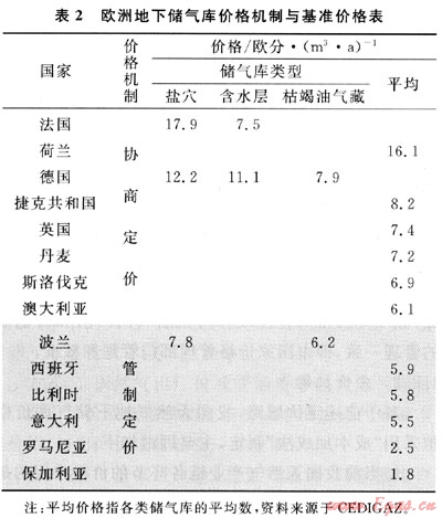 1 國外地下儲氣庫價格機制
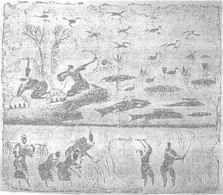 弋射收获图 弋射收获图,分上下两部分,上为弋射场面。如镜的秋水、莲荷丛生、水鸟嬉戏、鱼翔浅底。忽然,一群惊鸿从水面飞起,打破了大自然的静谧。岸上猎手,一弓身仰射,一跪坐回首,拔弓搭箭。下为收获情景。稀疏的庄稼,农家正忙于刈割,有人挥刀收割,有人弯腰掐穗,有人挑担提箪,跚跚而至。这是一件真切感人、富有诗情画意的作品。作者不是简单的再现自然,而是借助情节的发展和瞬间动态的描写以及诗 一般的景物描绘,从而创造一种意境,使人产生心灵的愉悦和艺术的联想。 这件作品构图饱满,疏密安排得当,空间处理也颇为成功。 |
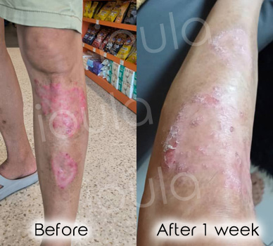 We advised him to stop his steroid cream use. Upon using ioula’s Body Lotion, itchiness was stopped. After just one week of daily usage, healing then began and no new wounds appeared because there was no scratching. Inflammation had stopped and only the flaky skin remained.

→ Exercise directions
Every word of the data should be reproduced exactly; please omit any pictures.

→ Finished task
 1 國外地下儲氣庫價格機制
 弋射收获图 弋射收获图,分上下两部分,上为弋射场面。如镜的秋水、莲荷丛生、水鸟嬉戏、鱼翔浅底。忽然,一群惊鸿从水面飞起,打破了大自然的静谧。岸上猎手,一弓身仰射,一跪坐回首,拔弓搭箭。下为收获情景。稀疏的庄稼,农家正忙于刈割,有人挥刀收割,有人弯腰掐穗,有人挑担提箪,跚跚而至。这是一件真切感人、富有诗情画意的作品。作者不是简单的再现自然,而是借助情节的发展和瞬间动态的描写以及诗 一般的景物描绘,从而创造一种意境,使人产生心灵的愉悦和艺术的联想。 这件作品构图饱满,疏密安排得当,空间处理也颇为成功。 |
 We advised him to stop his steroid cream use. Upon using ioula’s Body Lotion, itchiness was stopped. After just one week of daily usage, healing then began and no new wounds appeared because there was no scratching. Inflammation had stopped and only the flaky skin remained.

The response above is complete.